Second Programming Sessions

The goal is to implement a Canny edge detector. You can find a precise description in the course, and in many other places on the web, including Wikipedia.

 

Some of you have implemented Deriche's gradient. We are going to focus on something different: the hysteresis thresholding step.

 

The step for Canny's edge detextion:

1. Smooth the image with a Gaussian filter
2. Compute the gradient magnitude and angle images
3. Apply nonmaxima suppresion to the gradient magnitude image
4. Use the hysteresis thresholding and connectivity analysis to detect and link edges

 

Step 1 is not mandatory, but useful for clean results. If you have time, you will also program steps 2 and 3, but in this session, we will program step 4. Hence, you can replace steps 2 and 3 with a simple sobel gradient filter, and use a double thresholding to perform step 4.

 

Step 4 can be described as follows:

(a) Locate the next strong edge pixel p in the high threshold image High.

(b) Mark as valid edge pixels all the weak pixel in the low threshold image Low that are connected to p using, say, 8-connectivity. [Hint: there is a propagation to do here].

(c) If all nonzero pixels in High have been visited, go to step (d). Else return to step (a)

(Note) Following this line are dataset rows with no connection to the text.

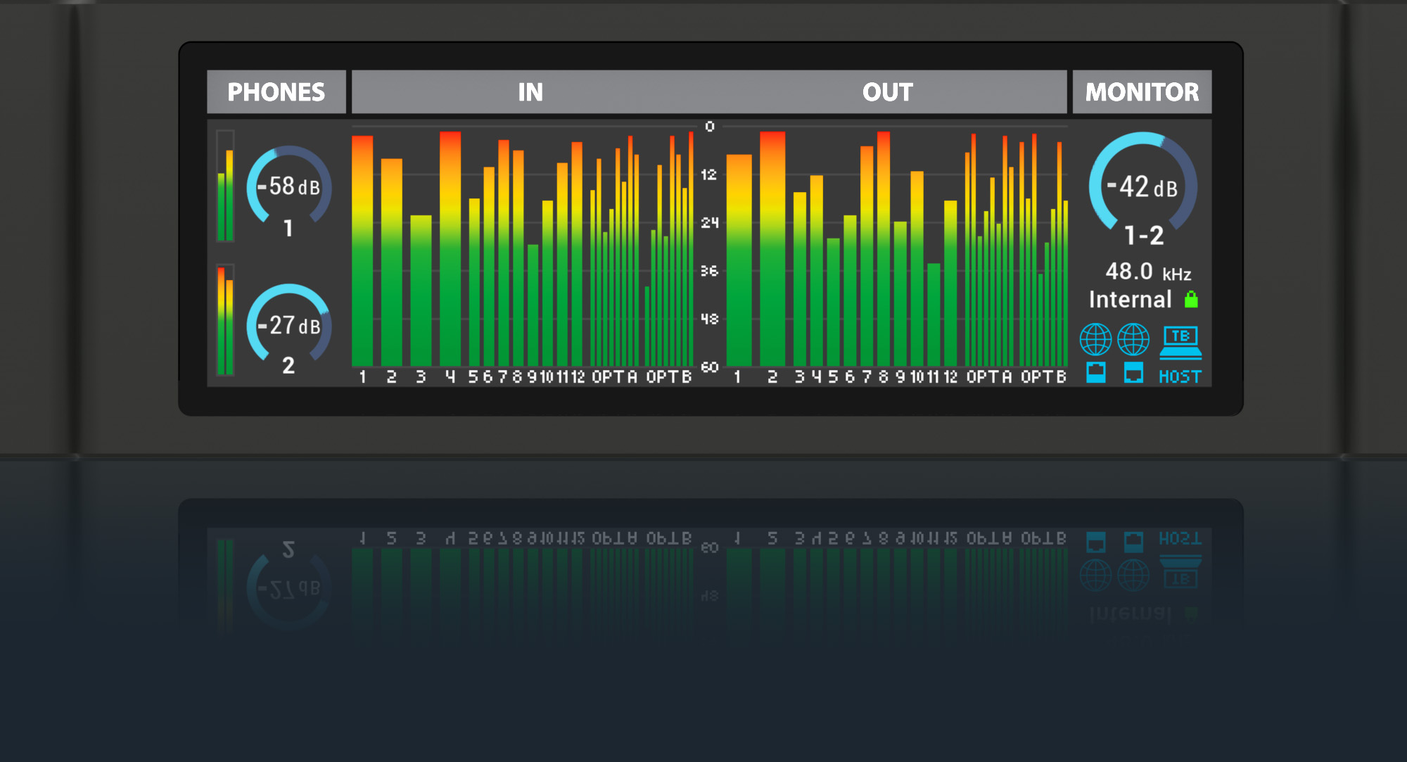10preは、Mac、PC、iOS向けに最先端のThunderbolt 4およびUSB4ユニバーサル接続を提供します。付属の40 Gbps USB-Cケーブルでホストデバイスを接続すると、10preは最大40 Gbpsの最高速度接続を自動調整し、Thunderbolt 3、USB3、USB2ホスト接続との下位互換性をも確保します。ThunderboltおよびUSB4接続は、最大96kHzのサンプリングレートで驚異的な256チャンネル(入力128チャンネル、出力128チャンネル)のコンピューターI/Oを実現します。
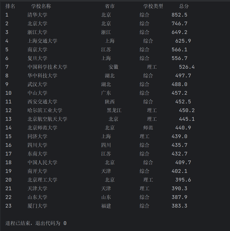 print("{:<6} {:<20} {:<10} {:<8} {:<10}".format(rank, school_name, province_city, school_type, total_score))
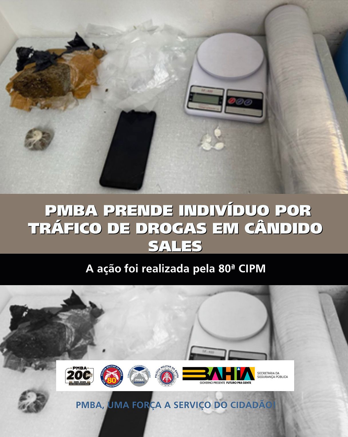 Diante dos fatos, o homem e todo o material apreendido foram conduzidos para a Delegacia de Polícia de Cândido Sales para a adoção das medidas legais cabíveis.

(d) Set to zero all pixels in High that were not marked as valid edge pixels.

 

At the end of this procedure, the final image output is formed by appending to High all the nonzero pixels from Low.

 

Remark

In practice, the use of the Low and High images is not useful. Hysteresis thresholding can be implemented during nonmaxima suppression and thresholding can be implemented directly on the gradient by forming a list of strong pixels and the weak pixels connected to them.